[Dataset records]
= = = =

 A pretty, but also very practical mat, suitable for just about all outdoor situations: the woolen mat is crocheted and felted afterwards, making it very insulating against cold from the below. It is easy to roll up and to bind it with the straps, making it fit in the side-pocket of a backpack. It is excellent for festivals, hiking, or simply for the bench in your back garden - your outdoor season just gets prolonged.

= = = =

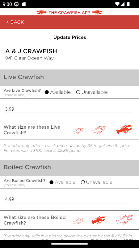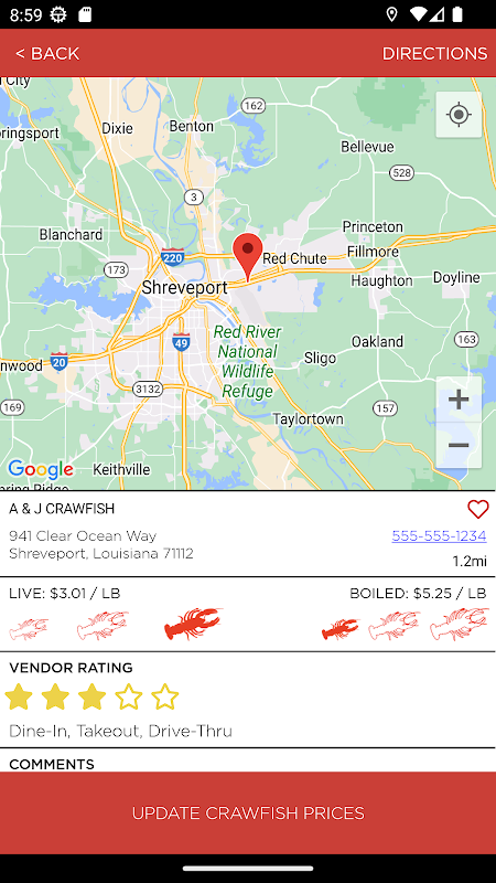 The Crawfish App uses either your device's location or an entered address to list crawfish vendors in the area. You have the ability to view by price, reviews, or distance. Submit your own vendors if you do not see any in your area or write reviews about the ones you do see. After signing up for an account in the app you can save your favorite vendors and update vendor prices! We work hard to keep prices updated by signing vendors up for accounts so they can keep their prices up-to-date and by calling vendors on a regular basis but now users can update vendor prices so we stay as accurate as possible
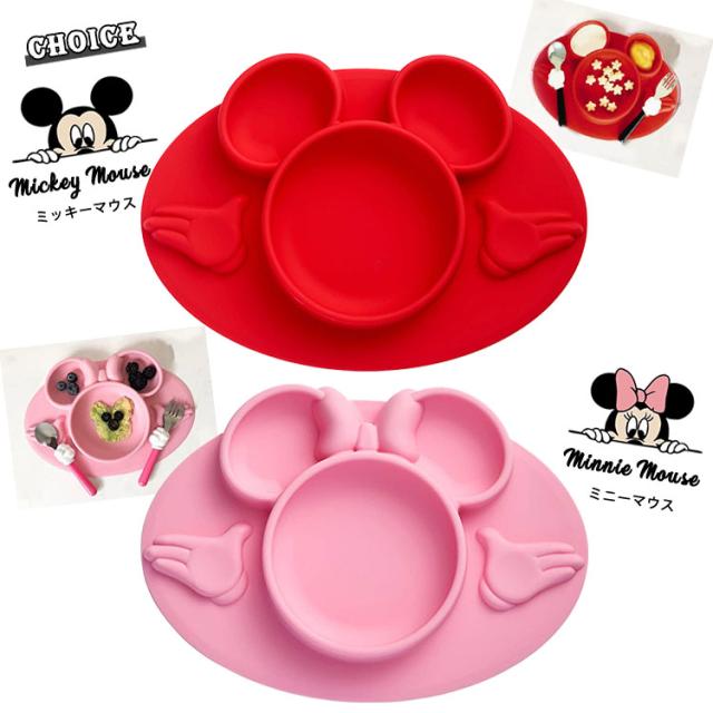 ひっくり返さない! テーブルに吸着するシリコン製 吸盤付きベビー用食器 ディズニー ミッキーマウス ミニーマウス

= = = =

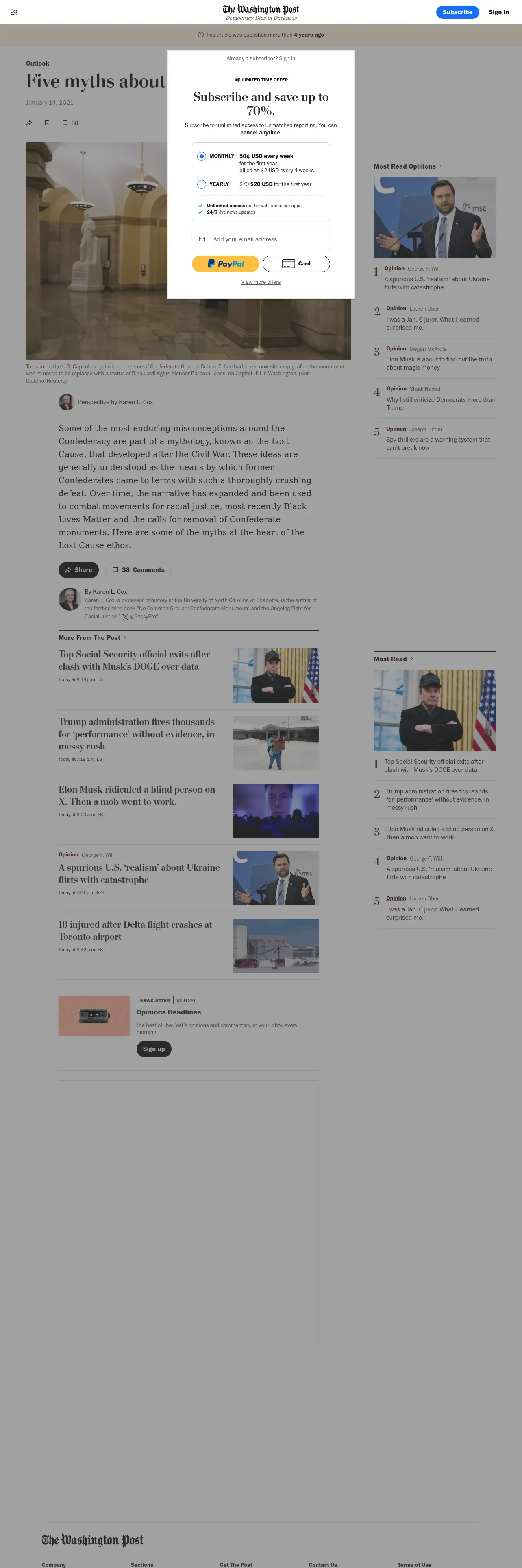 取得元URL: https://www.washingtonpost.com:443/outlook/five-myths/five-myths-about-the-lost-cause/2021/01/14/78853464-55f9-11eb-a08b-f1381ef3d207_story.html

= = = =

[Task] Return exactly the lines above, from the one with "The Crawfish App" up to and including the one with "ひっくり返さない! テーブルに吸着するシリコン製 吸盤付きベビー用食器", and include no pictures.

[Answer space]
 The Crawfish App uses either your device's location or an entered address to list crawfish vendors in the area. You have the ability to view by price, reviews, or distance. Submit your own vendors if you do not see any in your area or write reviews about the ones you do see. After signing up for an account in the app you can save your favorite vendors and update vendor prices! We work hard to keep prices updated by signing vendors up for accounts so they can keep their prices up-to-date and by calling vendors on a regular basis but now users can update vendor prices so we stay as accurate as possible
 ひっくり返さない! テーブルに吸着するシリコン製 吸盤付きベビー用食器 ディズニー ミッキーマウス ミニーマウス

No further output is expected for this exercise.